Of the total revenue of $915 million, the casino component contributed 62 percent of the revenue metrics pegged at $568 million down 52 percent on a YoY basis from $1.2 billion.

The second major contributor was the mall segment 21 percent, which was down 11 percent on a YoY basis at $193 million from $218 million, whereas Rooms segment which contributed 11 percent to the revenue pie, dipped 33 percent on YoY basis at $98 million from $147 million.

Foods and Beverages segment constituted 4 percent, which slipped 24 percent on a YoY basis at $37 million from $49 million.

Whereas Convention, Ferry, Retail and Other segments which constituted 2 percent of the revenue pie dropped 21 percent on a YoY basis at $19 million from $24 million.

COVID-19

The company’s gaming operations remained open during the six months ended June 30, 2022. 

Guest visitation to our properties, however, was adversely affected during the six months ended June 30, 2022 due to the various outbreaks that occurred in Shanghai, Hong Kong, Guangdong and Macao, which resulted in tighter travel restrictions, the interim report read.

The timing and manner in which the casinos, restaurants and shopping malls will resume operating at full capacity is currently unknown, the report read.

The company’s ferry operations between Macao and Hong Kong remain suspended; the timing and manner in which our ferry operations will be able to resume are currently unknown, the report claimed.

“The company’s operations have been significantly impacted by the reduced visitation to Macao,” the report claimed.

Funds 

Sands China has sufficient liquidity in place, including total cash and cash equivalents balance, excluding restricted cash and cash equivalents, of US$766 million and access to US$1.04 billion of available borrowing capacity from the company’s 2018 SCL Revolving Facility as of June 30, 2022, the report read.

In addition, US$1.0 billion was advanced from Las Vegas Sands (LVS), the Company’s Controlling Shareholder, to the Company through a term loan on July 11, 2022, which enables and allows the company management to believe that the company is able to support continuing operations, complete the major construction projects that are underway, proceed with the Macao concession renewal process and respond to the current COVID-19 Pandemic challenges for at least twelve months from the end of the reporting period, the report read.

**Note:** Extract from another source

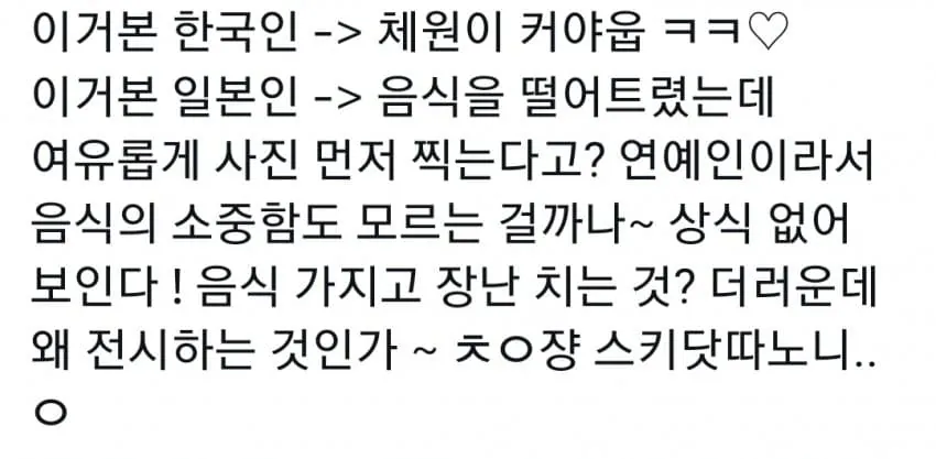 음식쏟은 한국 아이돌을 보고 분노한 일본인들

The company has equally taken various mitigating measures to manage the current environment, including a cost and capital expenditure reduction program to minimize cash outflow for non-essential items, the report read.

During the first half of 2022, the Londoner Arena and the expansion of Shoppes at Londoner were completed, which marks the completion of all key milestones of The Londoner Macao project, plus Work has commenced on two new hot pot restaurants which will be next to the Londoner casino and North Palace, and which is due for completion in early 2023, the report read.